10 Things You Absolutely Must Know About Hard Money

  1. fixer upper“Hard” money doesn’t mean “stupid” money. The hard money lender wants to be paid back on time and doesn’t want to foreclose. Hard money lenders are no different than any other lender in that regard.
  2. Hard money is an important player in the real estate industry. Hard money is used to acquire and renovate properties that traditional banks won’t touch in the property’s existing condition. Once the property is renovated and brought into proper condition, buyers can find financing anywhere.
  3. Hard money loans require more down payment, higher interest rates and closing costs. You might expect to put anywhere from 30-50 percent down, pay three to five points in addition to traditional closing costs. These costs must be considered when evaluating a potential acquisition.
  4. A clear exit strategy is a must for both you and the hard money lender. The lender needs to understand how the loan will be paid back. Will you obtain a conventional loan to replace the hard money or sell the property to pay back the investor?
  5. Hard money loans are for a very short term, some as short as 90 days. The hard money lender will extend the loan for as long as needed to buy, renovate and flip the property. If renovations are taking longer than expected, hard money lenders can write up a loan extension, for a fee.
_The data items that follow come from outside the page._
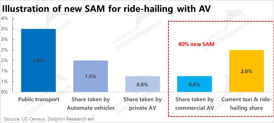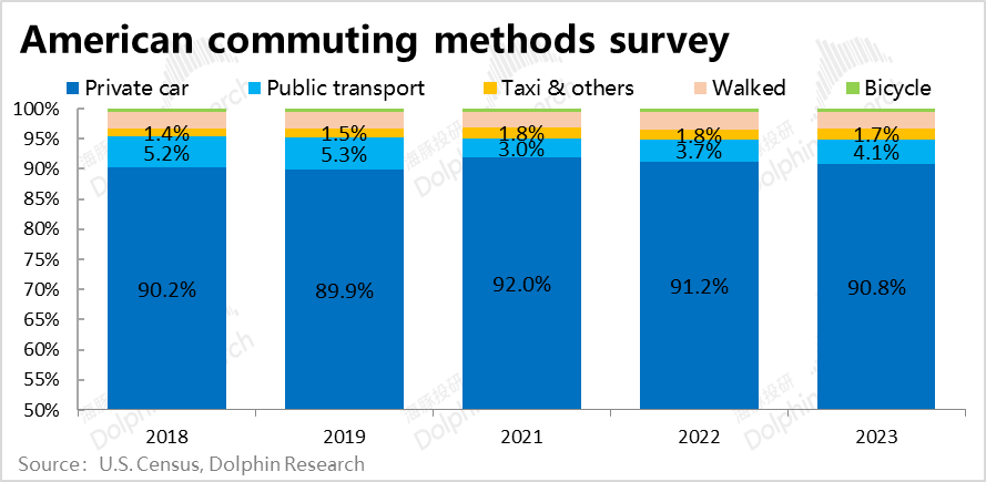 ① 通过侵蚀公共交通份额,取得的增量市场空间:根据前文的数据,美国的上班通勤情景下,公共交通的使用比重大约在4%上下。考虑到公共交通在其他场景下的使用率应当更低一些,假设全场景公共交通的使用比重约3%(4%的70%~80%左右)。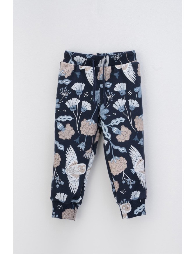 Трикотажные брюки для девочки из петельчатого футера. В составе 80% натурального хлопка и 20% полиэстера, при этом полиэстер ввязан внутрь по особой технологии и не соприкасается с кожей. Эластичный пояс на резинке регулируется по ширине с помощью шнурка, внизу эластичные манжеты. Оригинальная набивка выполнена из стойких текстильных красителей.
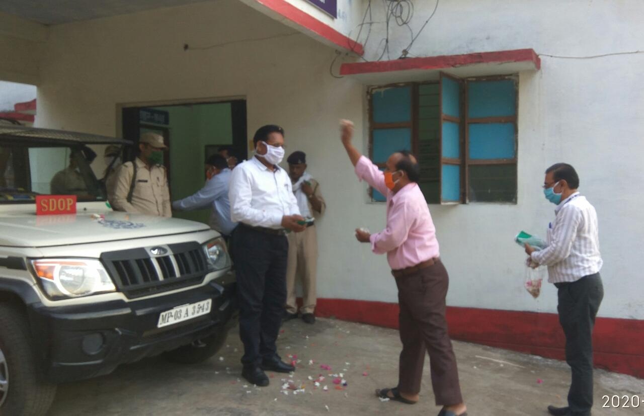 सारनी। कोरोना की लड़ाई में फ्रंट लाइन में खड़े स्वास्थ्य विभाग के डॉक्टर, मेडिकल और पैरामेडिकल स्टाफ के अलावा पुलिस का सम्मान हो रहा है। इसी क्रम में भारतीय जमदूर संघ से संबद्ध मध्यप्रदेश विद्युत उत्पादन कर्मचारी संघ शाखा सारनी के पदाधिकारियों ने मप्र पावर जनरेटिंग कंपनी के अस्पताल जाकर डॉक्टरों और स्टाफ का सम्मान किया। इसी तरह से उन्होंने एसडीओपी कार्यालय में एसडीओपी अभयराम चौधरी, स्टाफ, पुलिस थाने में टीआई महेंद्रसिंह चौहान, स्टाफ का पुष्प वर्षा कर स्वागत किया गया सम्मान किया गया। इस दौरान पदाधिकारियों में कमल जैन, एमडी मालवीय, साहेबराव पंडाग्रे, बाबुराव माथनकर, राजकुमार मालवीय, वासुदेव सारे, वीएन ठाकरे समेत अन्य लोग मौजूद थे। मास्कों का वितरण भी किया।

  6. Different hard money lenders will have different preferences for property types. Some hard money lenders may only like to finance single family residential rehabs while others will finance a strip mall or an apartment building.
  7. Don’t start shopping for a hard money lender once you’ve found a property. Plan way ahead. Before making an offer on any property that needs a hard money loan, review the prospect with at least one hard money lender to see if it’s a viable deal.
  8. Because hard money lenders can go after particular properties, if one hard money lender declines your proposal, keep going. If the deal makes sense and you can back it up with documentation, you’ll find a hard money lender.
  9. Hard money lenders get their money in three primary ways: solicit investment funds from individuals to finance a lending pool, solicit funds from individuals as each potential project arises and obtaining short term funds from a conventional bank. Sometimes hard money lenders want to make a loan but the funds aren’t readily available.
  10. When hard money lenders solicit individual investors for a project, the individual investors can decide on their own whether or not to invest. They’re not obligated to finance anything they don’t like and use their own due diligence to review a project even after the hard money lender has approved the project.